# Available data
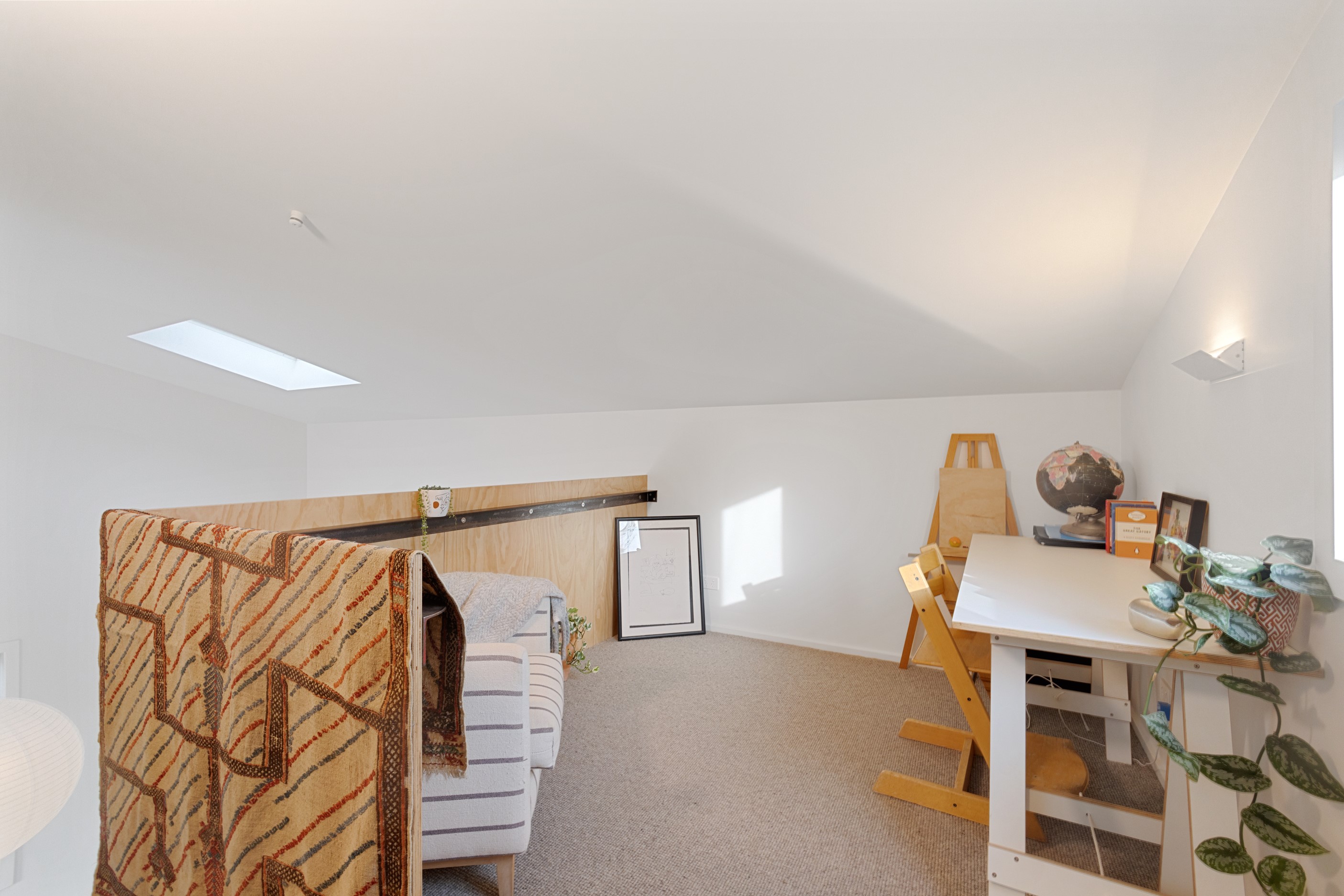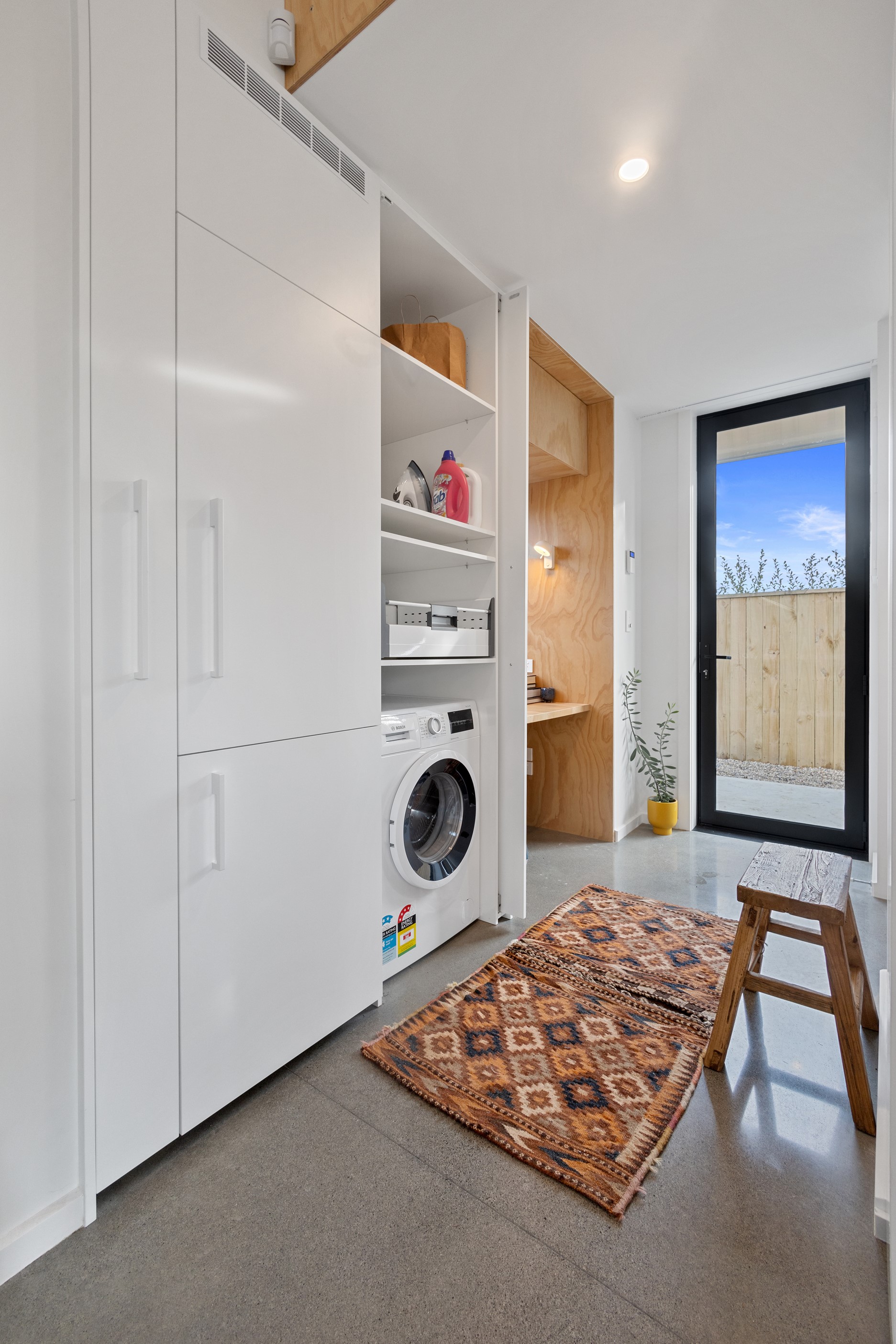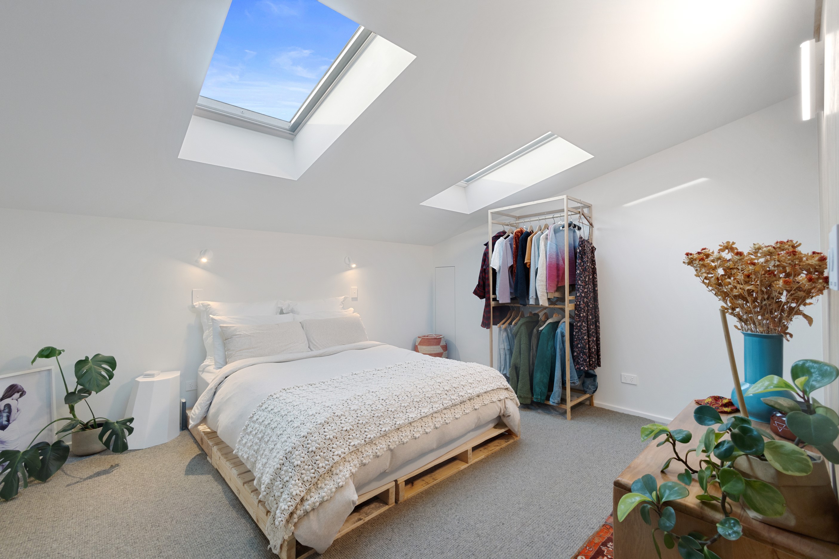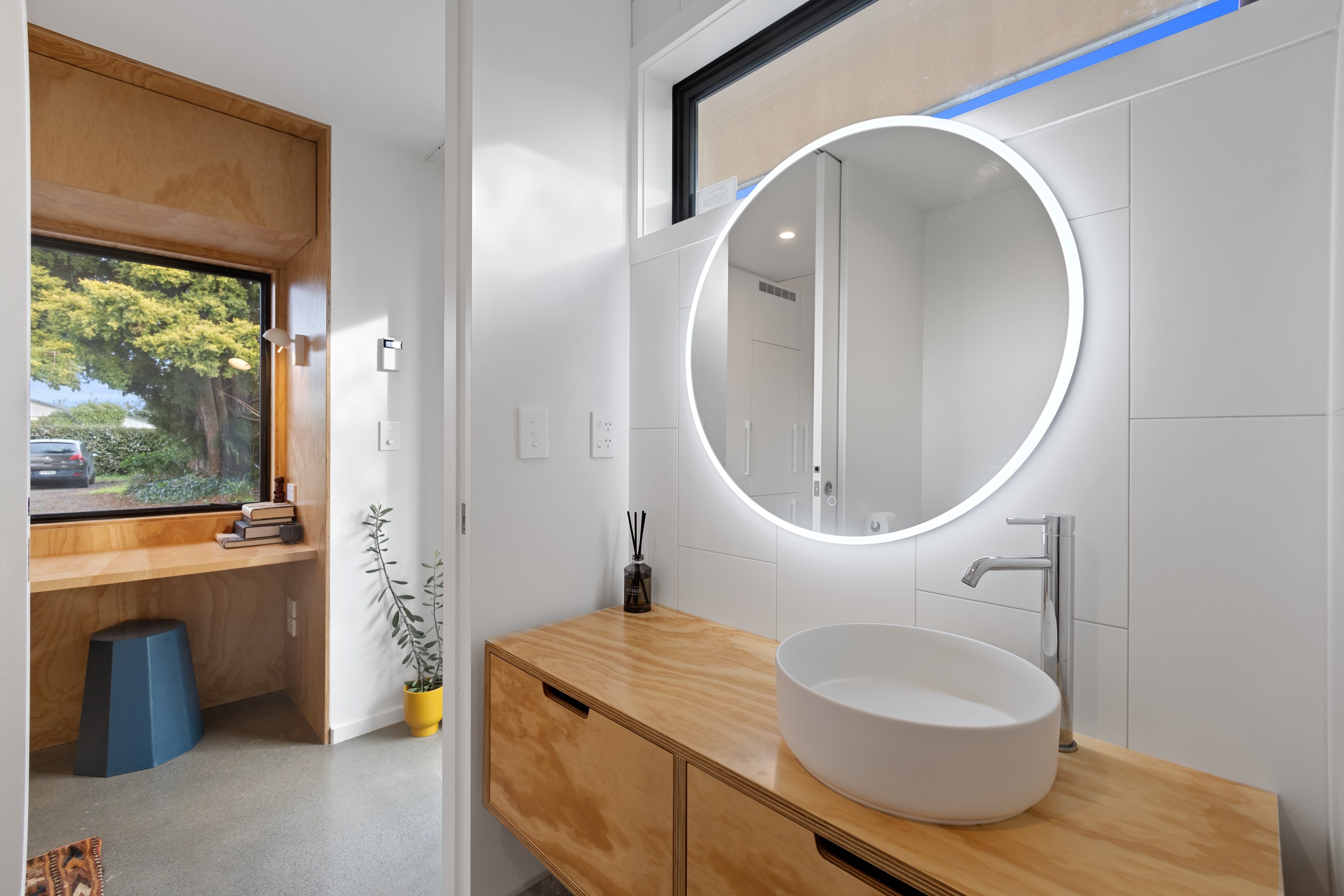 Smart, stylish and compact, this petite home packs plenty into its 73sqm footprint. A secondary dwelling on an established section in Cambridge, it’s full of inspired storage solutions and a delight to inhabit. Intelligent design and a contemporary combination of materials add up to much more than you’d expect, including two bedrooms and two living areas. The second storey accommodates a bedroom and generous office space. Downstairs, a bedroom opens to the outdoors through full-height sliders. Large windows, sliding glass doors and skylights allow natural light to flow in freely throughout the home. The kitchen, living and dining area is a cohesive space and full of storage smarts. Cabinetry-concealed appliances keep the area streamlined, which supports the minimalist design vibe. For a blissful spot to relax, put your feet up on the window seat, which also provides amble storage. Low-maintenance coloursteel cladding and plywood interior walls make this little beauty practical, as well as lending a thoroughly contemporary design edge.
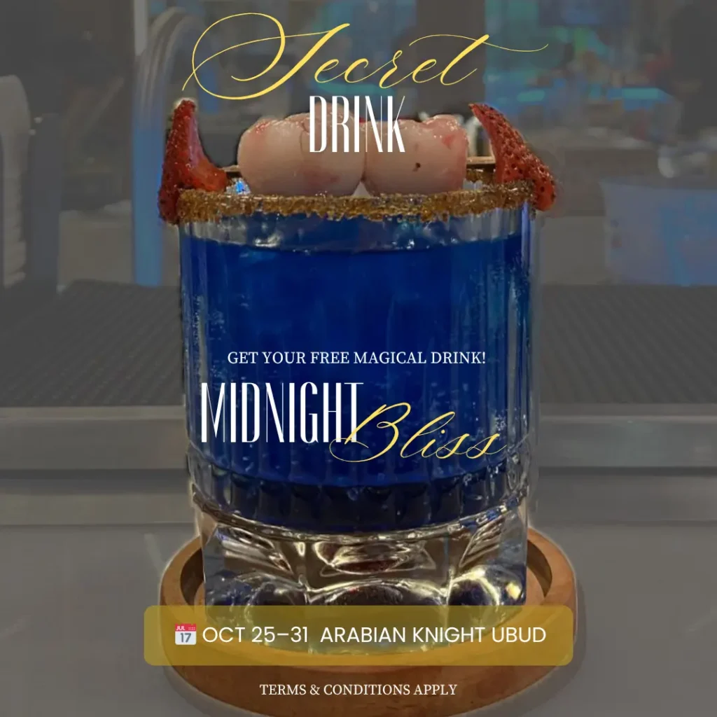 Get ready to indulge in the enchantment of Midnight Bliss our mystical signature mocktail that glows as beautifully as your night at Arabian Knight Ubud.
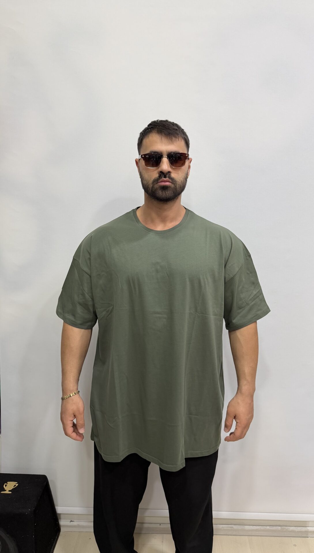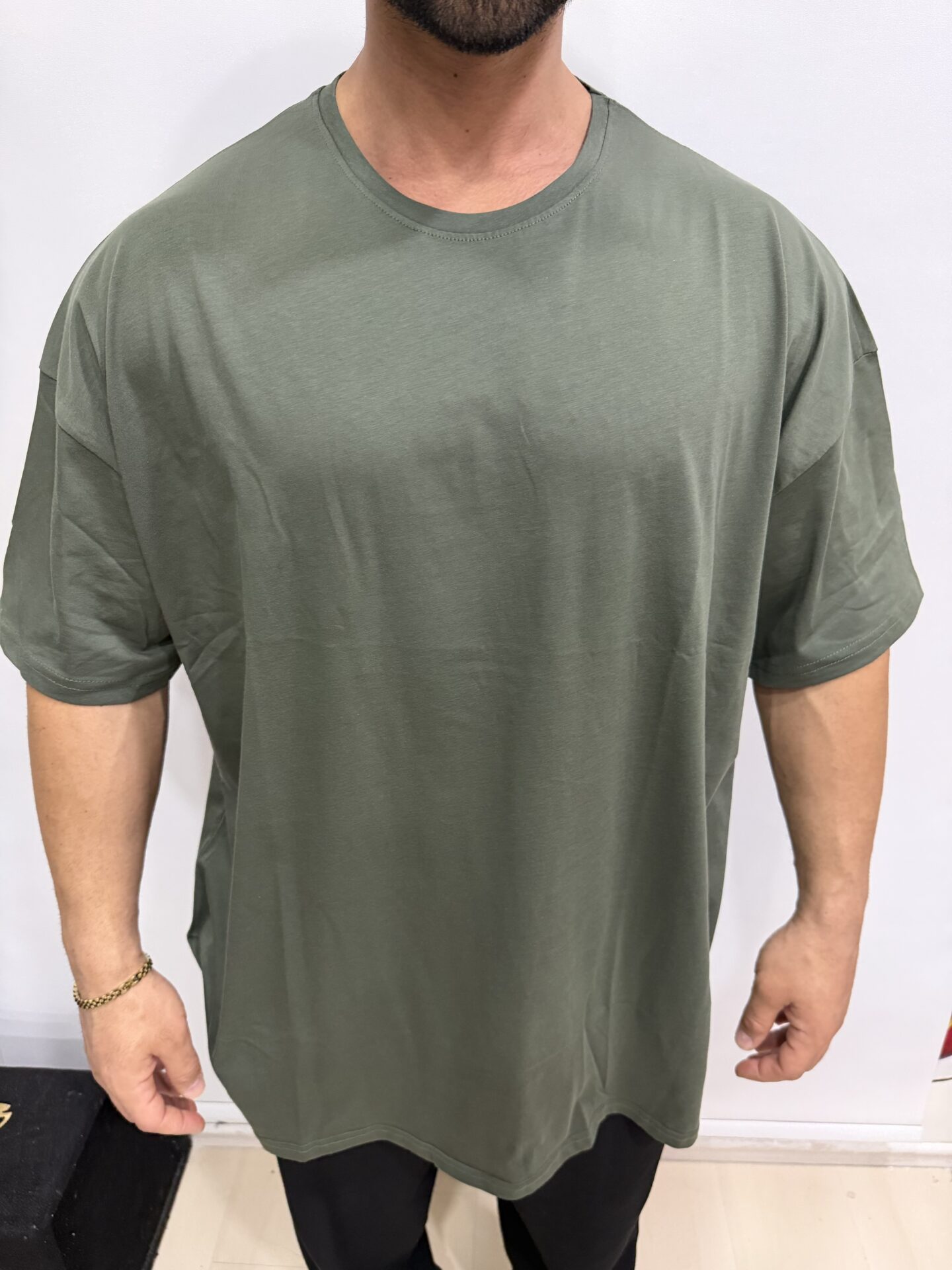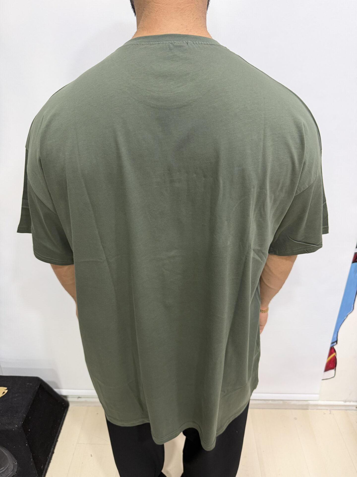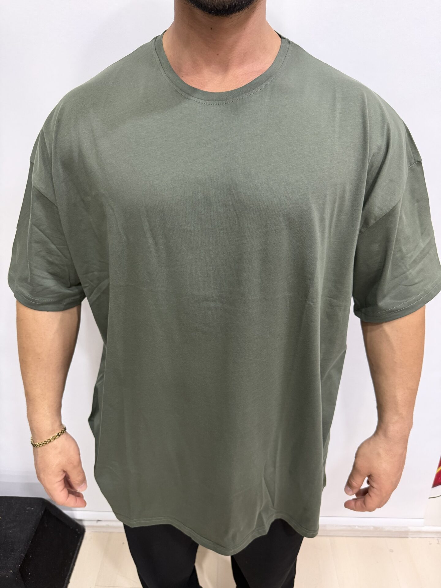 Haki Rengi Baskısız Bisiklet Yaka %100 Pamuk Kısa Kol Basic Tişört

# Exercise
Restate, word for word, all of the material above, leaving out the images.

# Written answer
 Smart, stylish and compact, this petite home packs plenty into its 73sqm footprint. A secondary dwelling on an established section in Cambridge, it’s full of inspired storage solutions and a delight to inhabit. Intelligent design and a contemporary combination of materials add up to much more than you’d expect, including two bedrooms and two living areas. The second storey accommodates a bedroom and generous office space. Downstairs, a bedroom opens to the outdoors through full-height sliders. Large windows, sliding glass doors and skylights allow natural light to flow in freely throughout the home. The kitchen, living and dining area is a cohesive space and full of storage smarts. Cabinetry-concealed appliances keep the area streamlined, which supports the minimalist design vibe. For a blissful spot to relax, put your feet up on the window seat, which also provides amble storage. Low-maintenance coloursteel cladding and plywood interior walls make this little beauty practical, as well as lending a thoroughly contemporary design edge.
 Get ready to indulge in the enchantment of Midnight Bliss our mystical signature mocktail that glows as beautifully as your night at Arabian Knight Ubud.
 Haki Rengi Baskısız Bisiklet Yaka %100 Pamuk Kısa Kol Basic Tişört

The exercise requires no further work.